Recorded information
● ● ● ● ● ● ●

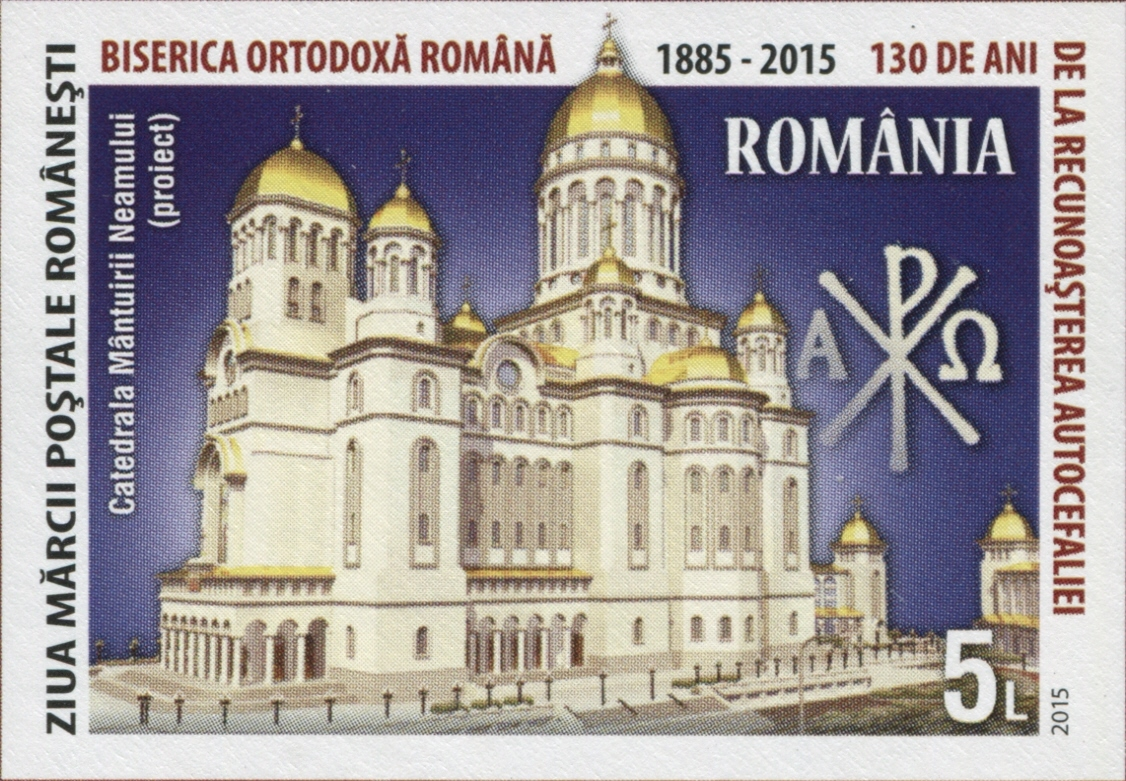 Stamps of Romania, 2015
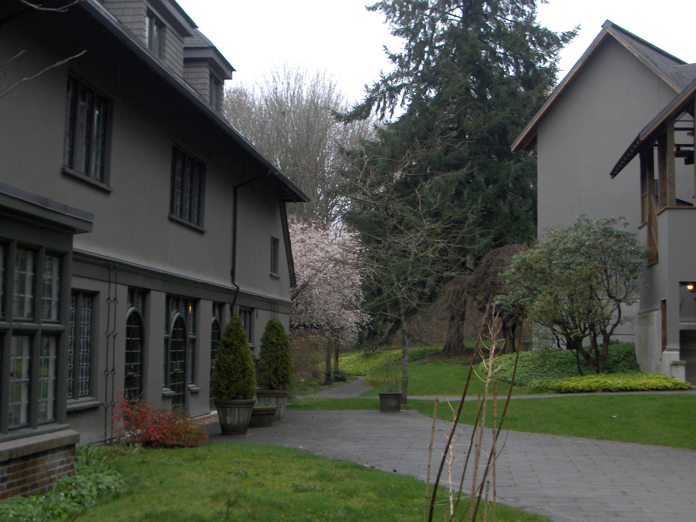 Interior of residential courtyard at Green College, University of British Columbia, showing Graham House on left and stair tower to residential building A on right.
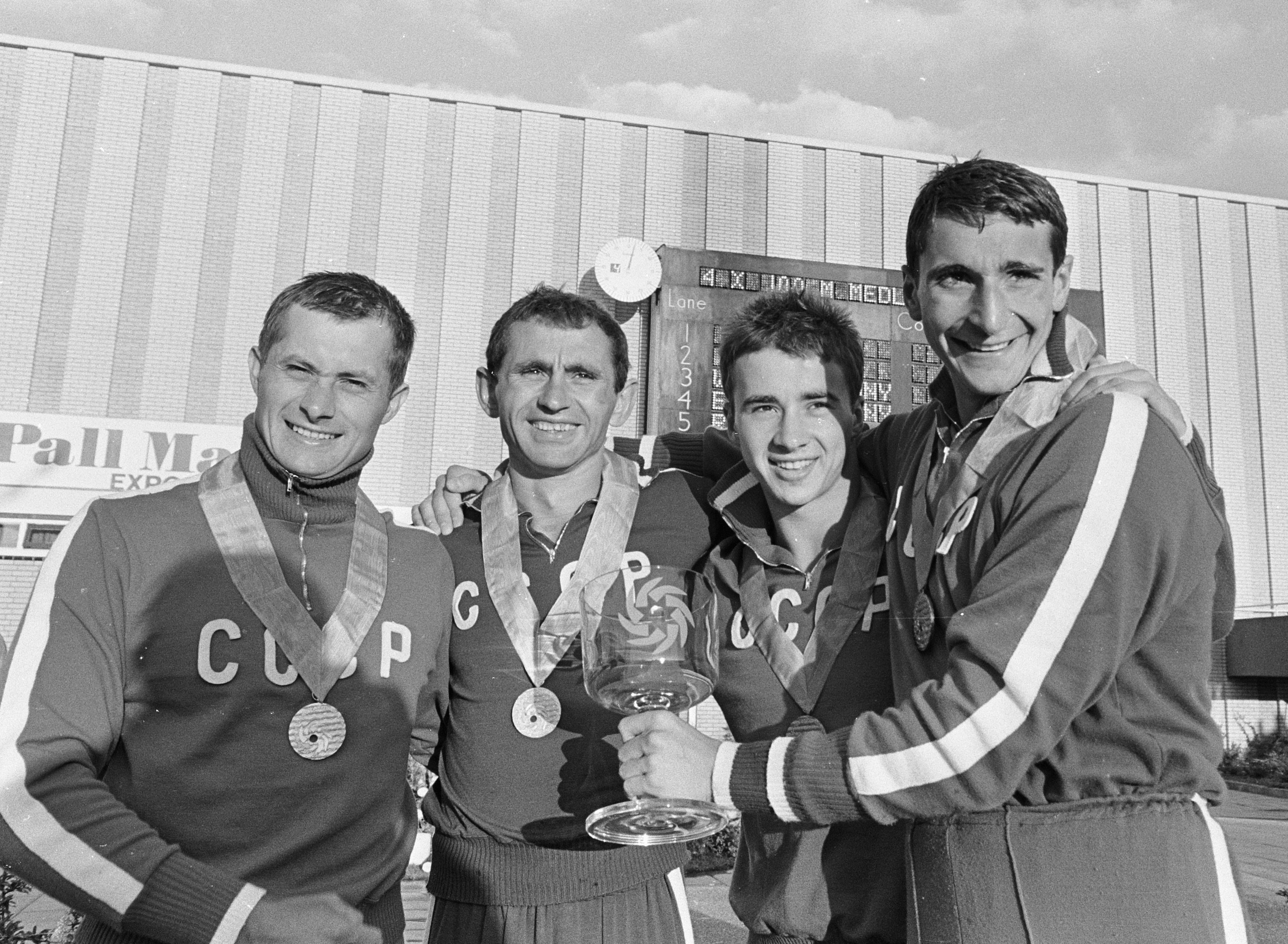 Left-right: Kuzmin, Prokopenko, Ilyichov, Mazanov, European champions in the 4 x 100 m medley

● ● ● ● ● ● ●

Exercise description
From the line holding "Interior of residential" to the final line of the data above, give each line again exactly, both ends included, and drop the pictures.

Answer box
 Interior of residential courtyard at Green College, University of British Columbia, showing Graham House on left and stair tower to residential building A on right.
 Left-right: Kuzmin, Prokopenko, Ilyichov, Mazanov, European champions in the 4 x 100 m medley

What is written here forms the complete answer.